Ok, back on track. Time to think about conflict. Now, the reality is that if you’re designing a game, conflict really means combat. Yes, absolutely, you might need to handle other types of conflict, but combat is the starting point. This is partly because it’s such a central part of the hobby, but it’s more because if your system is going to break, this is where it’s going to happen. That sounds negative, so let me put it a little bit differently – no other part of a game system requires you to think about what the game will actually be like and how that interacts with expectations than combat.
That’s a pretty loaded statement, so let me unpack it a bit into the four things that make combat a pain in the ass.
First, because combat tends to have explicit stakes (character well-being) that are measurable outside of the fiction (stats and information on the character sheet) its impact is directly observable in action. That is, while there may be some narrative interpretation applied to how 7 hit points got lost, it’s still 7 hit points getting lost. This is not necessarily true of every system out there, but it’s common enough to be a default.
Second, there’s a huge range in expectations regarding how combat should go, so much so that it’s one of the main yardsticks for judging genre. Games might have lethal, brutal combat, or they might have fast and loose, mostly harmless combat. Or they might have something in between.

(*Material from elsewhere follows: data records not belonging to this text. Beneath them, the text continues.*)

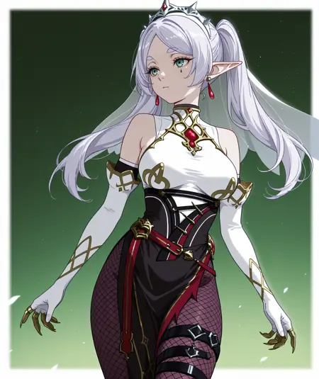 手套、肘部手套、白色手套、白色连衣裙、连衣裙、露肩、分离袖子、无袖、黑色连衣裙、多彩服装、爪子、双色连衣裙、爪形戒指,
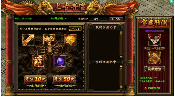 上古寻宝中可以获得大量极品道具。更有宝藏预测。在上古寻宝中的寻宝次数累计达成目标,即可额外获得一份超值大奖!奖励多多,选择多多。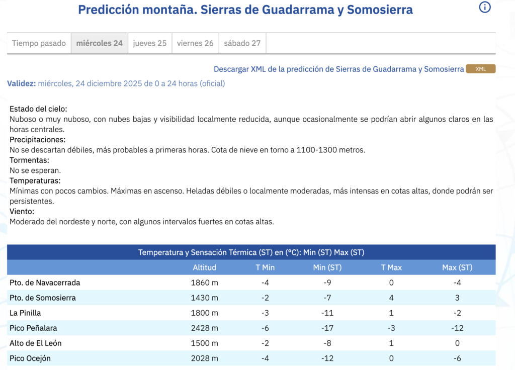 Este miércoles 24 de diciembre de 2025 los termómetros indican varios grados en negativo y la sensación térmica es de hasta -17ºC en la sierra madrileña. No saldrá el sol. Incluso se esperan lluvias. Aún así, cientos de madrileños ya están en la sierra desde antes del amanecer, por miedo a no poder aparcar.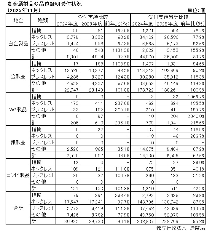 2025年11月の貴金属製品の品位証明受付状況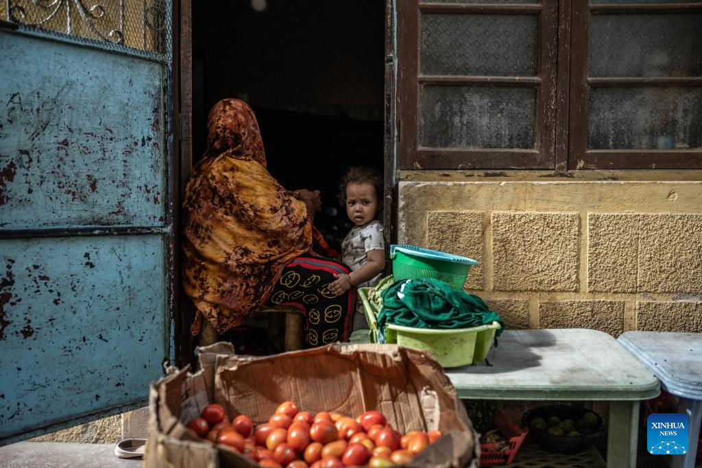 A vendor sells tomatoes in the Old Town of Mombasa, Kenya, on Aug. 17, 2024. The Old Town of Mombasa, located on the southeast side of Mombasa Island, has become an important tourist destination in Kenya due to its diverse culture and historical sites. (Xinhua/Wang Guansen)

Whatever the case, the usual yardstick is that there is usually a specific look and feel the designer is going for, often epitomized by a particular book, movie or TV show though sometimes through their own personal lens of how fights work “in real life”.
Third, fiction (both on-screen and in-mind) has the benefit of narrative protection for heroes, allowing an author to tell a tale of brutal, unforgiving violence without accidentally losing characters. A designer who seeks to emulate that may quickly discover that brutal and unforgiving cuts both ways. This can be addressed by effectively having different rules for players and everyone else (4E and many video games do this well) but that introduces a lot extra overhead into the system.
Last, we’ve got decades of training from D&D that have totally shaped our perspective. This is not a sleight to D&D but rather an assertion of its huge mindshare, as can easily be seen in most RPGs and computer games. And not just CRPGs – there are precious few shooters out there that don’t have some form of hit points, and there’s a good reason for that. If play is fun, then dying (and thus not playing) probably isn’t. On the upside, this simple model has supported a lot of fun play, but it also means that the assumptions that might guide you in other parts of game design may fail you here. The blatant gamey-ness of combat does not stick out to people the same way it would in other parts of the game, and in fact if you move away from the established standards, people start reacting badly because they know how things should be.
Now, these are concerns, but not show-stoppers. But they’re important to keep in mind as we move into designing conflicts.